A few weeks ago my boyfriend "reminded" me that we had tickets to the second of two sold out Tool shows in San Francisco. Not realizing he had never told me about the tickets to begin with, his "reminder" was actually an invitation. I was ecstatic! I'm the kind of girl that calls a night out to the Tool show a date night. Don't get me wrong - there are no songs brimming with lovers' adoration or catchy lyrics you might possibly hear later in a pistachio commercial, but it's Tool...live. It's transcendence. It's everything.
Tool. A band with 4 amazing studio albums, the most recent of which was released eight years ago, cannot be described in mere words. Just as their performances are complete audio and visual gifts to the senses which have to be experienced first-hand to be fully comprehended. The Tuesday night show had sold out almost instantly to the die hard army of Tool fans desperately in need of a live performance from drummer Danny Carey, bassist Justin Chancellor, guitarist Adam Jones and singer Maynard James Keenan. We were part of the Wednesday night die hard crew and I couldn't have been happier to be there.

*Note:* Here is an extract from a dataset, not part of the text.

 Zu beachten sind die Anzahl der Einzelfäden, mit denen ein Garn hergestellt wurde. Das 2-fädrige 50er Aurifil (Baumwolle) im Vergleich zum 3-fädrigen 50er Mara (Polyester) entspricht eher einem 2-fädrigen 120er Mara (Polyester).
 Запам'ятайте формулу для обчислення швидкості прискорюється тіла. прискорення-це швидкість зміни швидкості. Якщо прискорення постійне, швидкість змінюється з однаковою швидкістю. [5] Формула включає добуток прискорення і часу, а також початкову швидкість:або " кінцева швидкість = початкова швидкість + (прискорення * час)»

We arrived just as rock band Failure was wrapping up their set. I was able to catch the last couple of songs by the band and what I heard was really good. I was disappointed we didn't arrive earlier. Soon the house lights came back up and we made our way over to our friend who had been saving our seats. I took one long glimpse down at the eager crowd below us and instantly knew:
the energy of that sea of people + the power of Tool = roof blown off the Bill Graham Civic
I think that's the "new math" all the parents are talking about.
Tool didn't hesitate to immediately please us. They took to the stage and ripped right into "Hooker with a Penis" off of the 1996 album Ænima. The band sounded amazing - tight, well-rehearsed and loud. Maynard was hiding in the shadows - forcing us to concentrate not on the band members, but on the music and the art. The whole Tool show.

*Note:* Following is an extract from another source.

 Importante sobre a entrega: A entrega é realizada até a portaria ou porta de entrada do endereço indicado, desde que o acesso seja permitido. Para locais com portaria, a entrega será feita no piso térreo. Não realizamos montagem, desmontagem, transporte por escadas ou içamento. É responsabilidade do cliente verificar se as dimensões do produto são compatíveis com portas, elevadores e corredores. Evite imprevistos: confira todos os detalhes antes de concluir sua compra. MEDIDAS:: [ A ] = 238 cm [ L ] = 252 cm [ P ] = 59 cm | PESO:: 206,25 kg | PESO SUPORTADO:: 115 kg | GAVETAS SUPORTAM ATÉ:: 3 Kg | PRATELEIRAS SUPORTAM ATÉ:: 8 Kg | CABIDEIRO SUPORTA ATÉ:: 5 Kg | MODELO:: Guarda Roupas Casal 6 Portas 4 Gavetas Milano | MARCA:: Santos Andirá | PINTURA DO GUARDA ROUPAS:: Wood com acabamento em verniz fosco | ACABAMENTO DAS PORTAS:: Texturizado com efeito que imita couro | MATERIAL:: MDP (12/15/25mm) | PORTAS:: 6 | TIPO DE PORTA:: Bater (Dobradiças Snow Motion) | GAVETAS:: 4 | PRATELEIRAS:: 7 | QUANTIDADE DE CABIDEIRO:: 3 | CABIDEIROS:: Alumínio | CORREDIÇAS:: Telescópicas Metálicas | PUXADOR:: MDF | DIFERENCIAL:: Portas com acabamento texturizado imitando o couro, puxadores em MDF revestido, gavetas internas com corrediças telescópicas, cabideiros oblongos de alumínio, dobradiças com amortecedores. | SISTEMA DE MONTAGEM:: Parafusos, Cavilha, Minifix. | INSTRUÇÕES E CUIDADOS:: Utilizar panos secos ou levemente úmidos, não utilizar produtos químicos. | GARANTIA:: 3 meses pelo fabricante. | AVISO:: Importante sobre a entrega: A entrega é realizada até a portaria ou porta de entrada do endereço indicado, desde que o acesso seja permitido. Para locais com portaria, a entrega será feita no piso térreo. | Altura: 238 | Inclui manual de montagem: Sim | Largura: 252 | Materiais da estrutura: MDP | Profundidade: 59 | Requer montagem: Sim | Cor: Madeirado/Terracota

As the music continued, with songs from 10,000 Days and Lateralus, the visuals continually shifted in the background - often completely in synch with the music. From familiar images with Alex Grey artwork to lasers, confetti and fractals - it was a living, breathing visual spectactle.
Like a true theatrical performance, the Tool show had a short intermission between the first and second act. When they returned, drummer Danny Carey played a drum solo cover of King Crimson's "B’Boom" which powerfully kicked off the second half of the show. After three more songs, they closed the show "Stinkfist" and left the entire crowd begging for more.
There had been talk about Tool possibly performing all new material during this tour, and since it didn't happen on the first night - I thought it might happen at the Wednesday night show. Admittedly, I was fearing a performance of entirely all new material, and was thrilled it went my way. Not that I don't want to hear new music from Tool. I'm ready for it, I think we all are. I was just not quite ready for it live. There wasn't a moment of this show I didn't enjoy.
Hooker With a Penis
Drum Solo: B’Boom
Forty-six and Two
A sweet mid-week date in San Francisco with two Tools. Who could ask for more?